Russell Kelly
- Full name: Russell Lindsay Frederick Kelly
- Date of birth: 25 November 1909
- Place of birth: Murwillumbah, NSW, Australia
- Date of death: 25 December 1943 (aged 34)
- Place of death: Concord West, NSW, Australia

Rugby union career
- Position(s): Back-row

International career
- Years: Team / Apps / (Points)
- 1936–38: Australia / 7 / (2)

= Russ Kelly =

Russell Lindsay Frederick Kelly (25 November 1909 — 25 December 1943) was an Australian rugby union international.

Born in Murwillumbah, Kelly was educated at Canterbury Boys' High School, where he learnt his rugby.

Kelly, a back-row forward, debuted in Sydney first-grade rugby in 1931 with Northern Suburbs, but spent the majority of his career at Drummoyne. Between 1933 and 1939, Kelly was a regular New South Wales representative, with 28 appearances. He was capped seven times for the Wallabies from 1936 to 1938, debuting on a tour of New Zealand.

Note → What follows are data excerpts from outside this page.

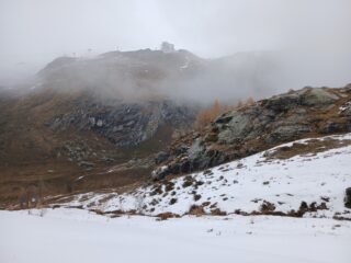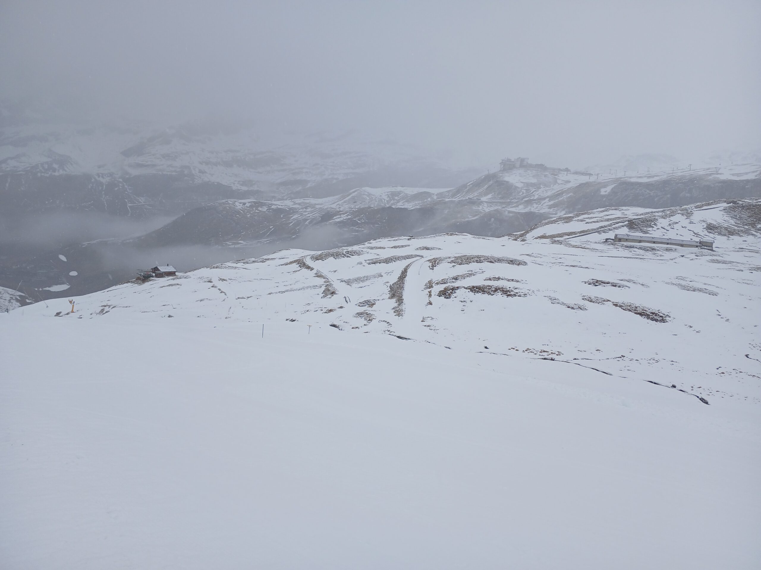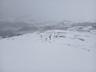 Pioggia e nevoschio a basse quote e scarsa visibilità in alto…partiti da Cervinia sci ai piedi (seguendo il percorso del Ventina ancora chiuso) nonostante l’innevamento molto scarso siamo arrivati oltre il colle superiore di Cime Bianche raggiungendo la Gran Sommetta a quota 3.100 prima di fare retrofront per l’ulteriore peggiorare del meteo. Discesa su piste deserte condizionata da visibilità pessima fino a quota 2.800 poi un po’ migliorata rendendo possibile una sciata divertente con pochi centimetri di neve fresca e umida su fondo in alcuni tratti gelato.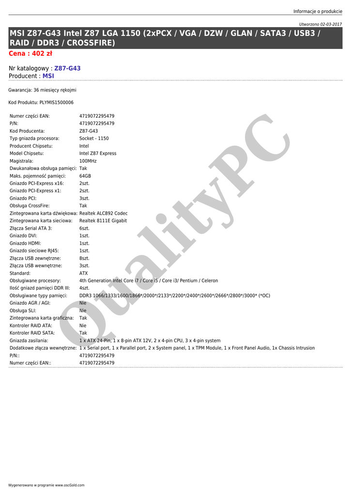 Informacje o produkcie Utworzono 02-03-2017 MSI Z87-G43 Intel Z87 LGA 1150 (2xPCX / VGA / DZW / GLAN / SATA3 / USB3 / RAID / DDR3 / CROSSFIRE) Cena : 402 zł Nr katalogowy : Z87-G43 Producent : MSI Gwarancja: 36 miesięcy rękojmi 4719072295479 P/N: 4719072295479 Kod Producenta: Z87-G43 Typ gniazda procesora: Socket - 1150 Producent Chipsetu: Intel Model Chipsetu: Intel Z87 Express Magistrala: 100MHz Dwukanałowa obsługa pamięci: Tak Maks. pojemność pamięci: 64GB Gniazdo PCI-Express x16: 2szt. Gniazdo PCI-Express x1: 2szt. Gniazdo PCI: 3szt. Obsługa CrossFire: Tak Zintegrowana karta dźwiękowa: Realtek ALC892 Codec Realtek 8111E Gigabit Złącza Serial ATA 3: 6szt. Gniazdo DVI: Gniazdo HDMI: ua lit Zintegrowana karta sieciowa: yP Numer części EAN: C Kod Produktu: PLYMIS1500006 1szt. 1szt. Gniazdo sieciowe RJ45: 1szt. Złącza USB zewnętrzne: 8szt. Złącza USB wewnętrzne: 3szt. Standard: ATX Obsługiwane procesory: 4th Generation Intel Core i7 / Core i5 / Core i3/ Pentium / Celeron Ilość gniazd pamięci DDR III: 4szt. Obsługiwane typy pamięci: DDR3 1066/1333/1600/1866*/2000*/2133*/2200*/2400*/2600*/2666*/2800*/3000* (*OC) Gniazdo AGR / AGI: Nie Obsługa SLI: Nie Tak Q Zintegrowana karta graficzna: Kontroler RAID ATA: Nie Kontroler RAID SATA: Tak Gniazda zasilania: 1 x ATX 24-Pin, 1 x 8-pin ATX 12V, 2 x 4-pin CPU, 3 x 4-pin system Dodatkowe złącza wewnętrzne: 1 x Serial port, 1 x Parallel port, 2 x System panel, 1 x TPM Module, 1 x Front Panel Audio, 1x Chassis Intrusion P/N:: Numer części EAN:: 4719072295479 4719072295479 Wygenerowano w programie www.oscGold.com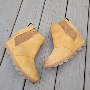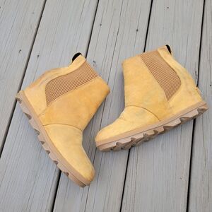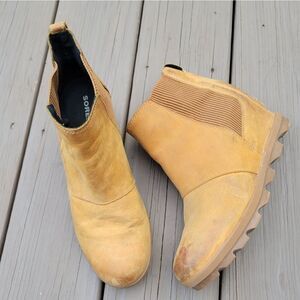 Sorel Joan of Arctic Wedge ll Chestnut Tan Burnished Leather Chelsea Ankle Boots

Enlisting in 1940, Kelly served in World War II with an anti-tank regiment and attained the rank of sergeant. While trapped with his unit in fighting near Tobruk, he was struck by machine gun fire, which shattered most of his ribs. He was held by Italian forces as a prisoner of war in Benghazi and was later moved to a Naples hospital. In July, 1943, Kelly was repatriated in a prisoner exchange and died five months later while undergoing an operation for his injuries in Sydney.